What problem does this paper attempt to address?

The main problem that this paper attempts to solve is: how to estimate accurate 3D human poses from monocular images in the absence of large - scale 3D pose - annotated data. Specifically, the authors propose a weakly - supervised method. By combining 2D pose datasets and limited 3D pose datasets to train a deep neural network, effective prediction from 2D poses to 3D poses can be achieved. This method pays special attention to improving the generalization ability for in - the - wild poses, that is, it can accurately predict 3D poses in complex and variable real - world scenarios as well. The key points in the paper include: - **Problem Background**: Estimating 3D human poses from monocular images is a challenging problem because it involves the inherent ambiguity of recovering depth information from a single view. Although existing deep - learning - based methods perform well when there is a large amount of 3D - annotated data, they often have poor performance when dealing with in - the - wild poses. - **Solution**: The authors propose a weakly - supervised learning method, which is trained using a combination of 2D pose datasets and 3D pose datasets. The network structure includes two main modules: the 2D - to - 3D pose regression module and the 3D - to - 2D pose reprojection module. The 2D - to - 3D pose regression module is responsible for predicting 3D poses from the given 2D poses, while the 3D - to - 2D pose reprojection module ensures that the predicted 3D poses can be correctly re - projected back to the input 2D poses by minimizing the reprojection error. - **Innovation**: This method can not only train the network without 3D ground truth, but also introduces geometric constraints (such as bone - length symmetry loss) to further limit the solution space and ensure that the predicted 3D poses are physically reasonable. - **Experimental Verification**: The authors conducted experiments on multiple benchmark datasets, including Human3.6M, MPII, and MPI - INF - 3DHP. The results show that this method is superior to existing methods in terms of generalization ability and prediction accuracy. Through these designs, this paper effectively solves the key problem of how to improve the generalization ability of 3D pose - estimation models for in - the - wild poses in the absence of large - scale 3D - annotated data.

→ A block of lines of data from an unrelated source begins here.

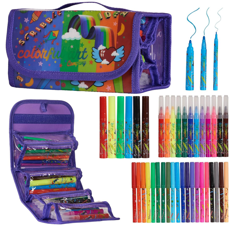 This set includes 38 fruit-scented felt-tip pens in assorted colours, providing a fun and engaging creative experience for children. ACMI-certified and non-toxic, the pens are safe for children. Priced from £14.99
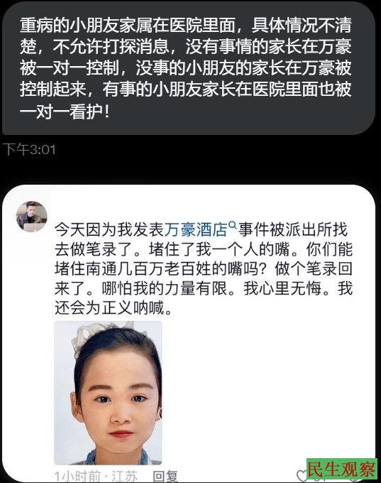 该名网友表示:“今天因为我发表万豪酒店事件,被派出所找去做笔录了。堵住了我一个人的嘴,你们能堵住南通几百万老百姓的嘴吗?做个笔录回来了。哪怕我的力量有限,我心里无悔,我还会为正义呐喊。”
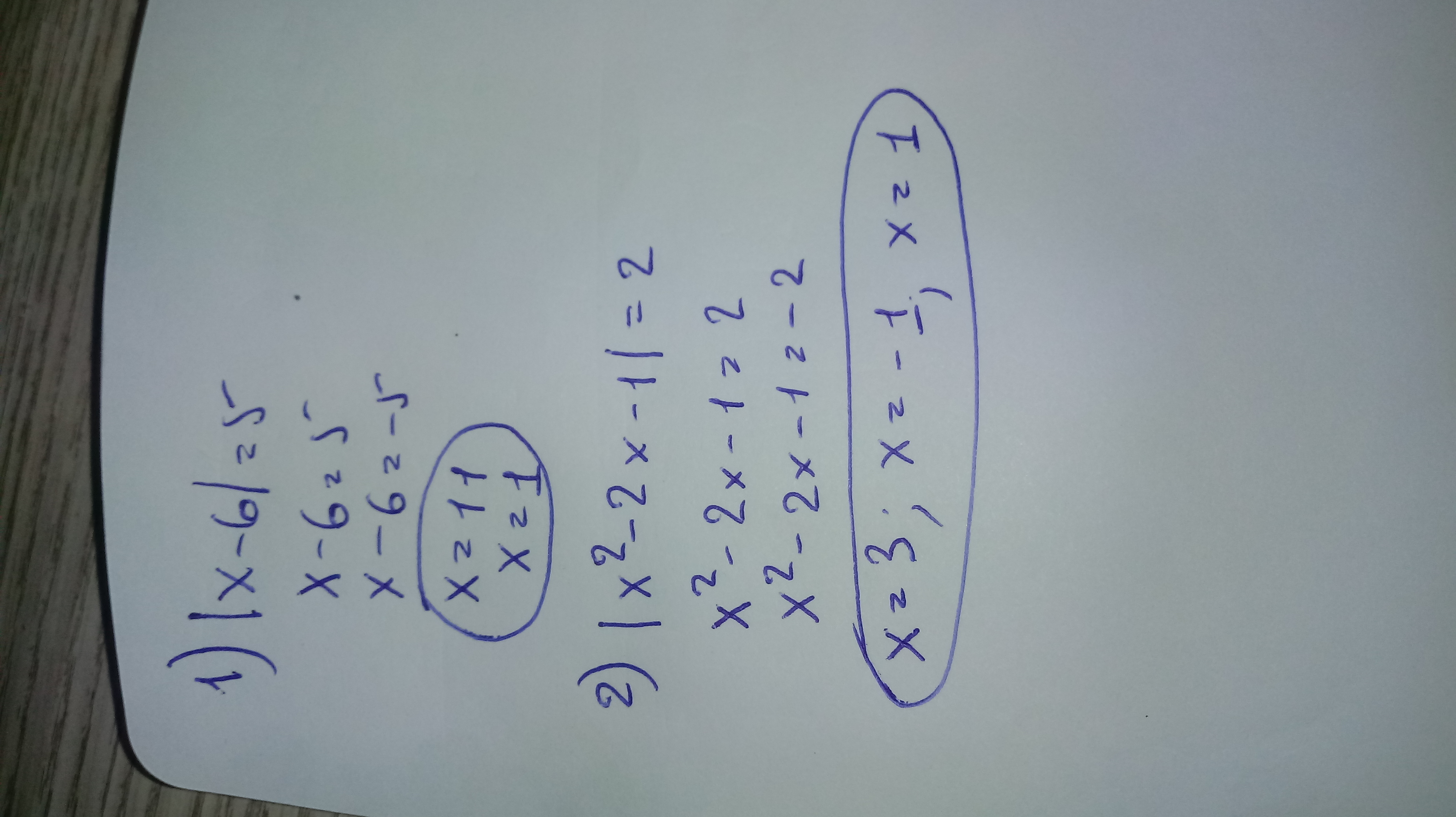 2) x^2-2x-1=-2 => x^2-2x-1+2=0 => x^2-2x+1=0 => D=(-2)^2 - 4*1*1 = 0 => x= (-(-2)+-0)/2=1 => x=1
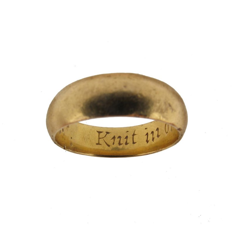 A gold posy ring, engraved to the interior 'Unite In One By Christ Alone' 9g. Size R.
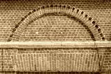 Ancient brick wall decorative elements, arch, semicircle. Red ancient brick building part.
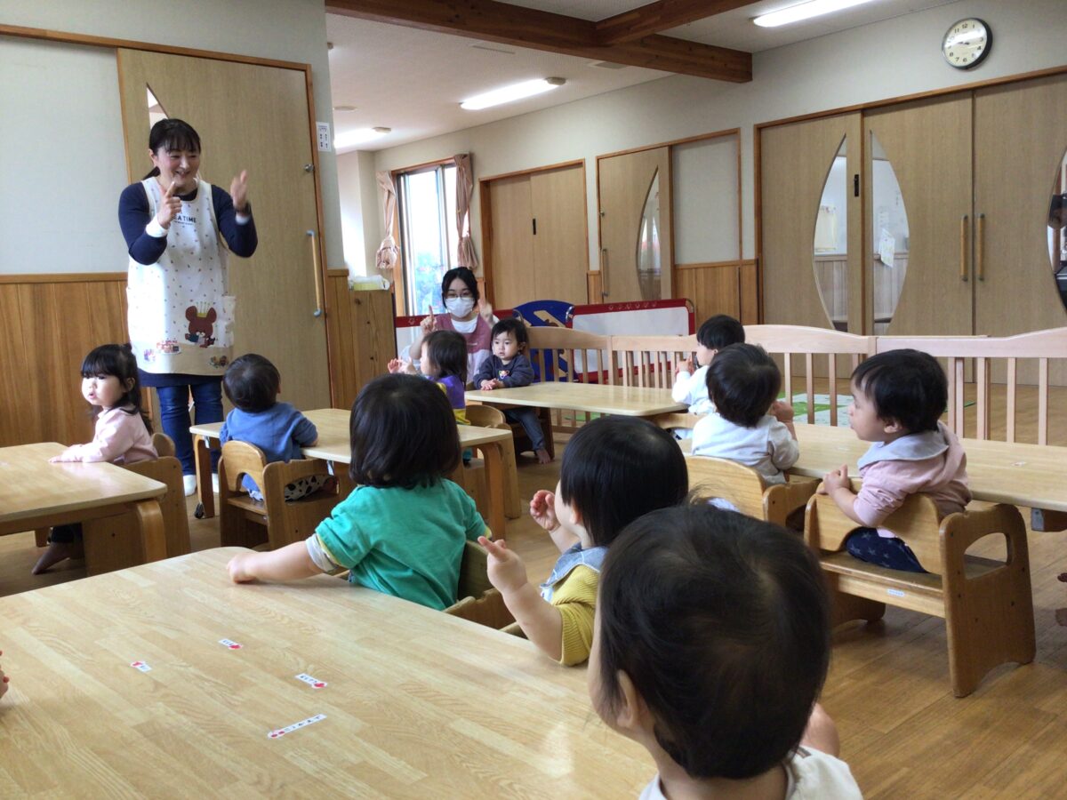 おやつの前には、「キャベツの中から」の手遊びをしました!
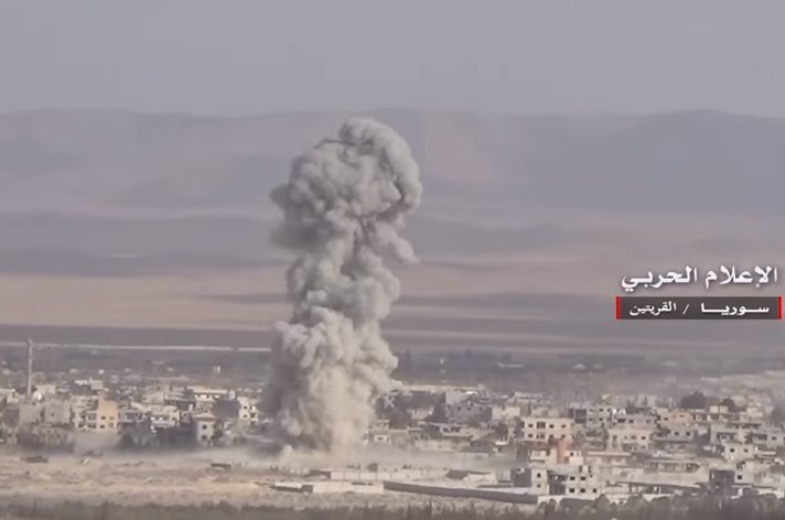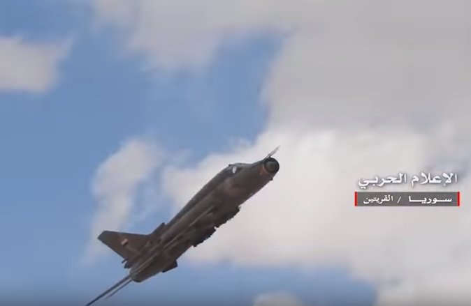 *- מטוס סוחוי-22 של חיל האוויר הסורי מפציץ עמדות דאעש בקרייתיין סוריה:
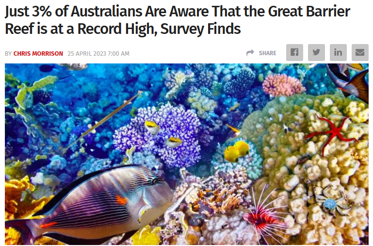 'Only 3% of Australians know that the Great Barrier Reef is at a record high following two years of record growth, a survey has found – a reflection of how well the media and scientists keep the truth hidden.'
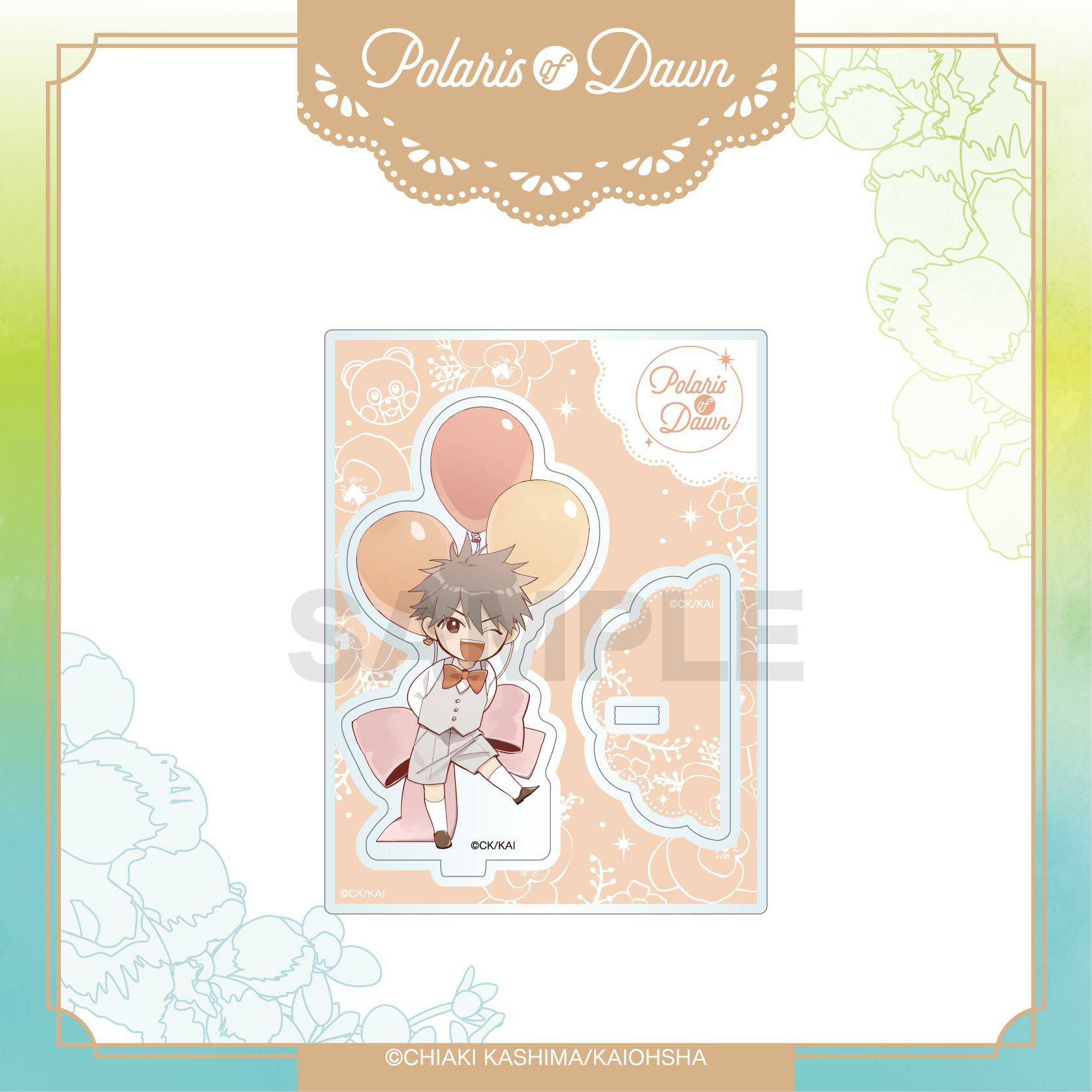 「夜明けのポラリス」より、嘉島ちあき先生描き下ろしのミニキャライラストを使用したアクリルスタンドが発売!板の状態のままでも、組み立てて飾っても可愛らしいデザインの商品です。

Lifting 2d Human Pose to 3d : A Weakly Supervised Approach

Weakly Supervised 2D Human Pose Transfer

Global Adaptation Meets Local Generalization: Unsupervised Domain Adaptation for 3D Human Pose Estimation.

Weakly-Supervised 3D Human Pose Learning via Multi-view Images in the Wild

Unsupervised Domain Adaptation for 3D Human Pose Estimation

Geometry-Driven Self-Supervised Method for 3D Human Pose Estimation

Towards 3D Human Pose Estimation in the Wild: a Weakly-supervised Approach

Deductive Learning for Weakly-Supervised 3D Human Pose Estimation Via Uncalibrated Cameras.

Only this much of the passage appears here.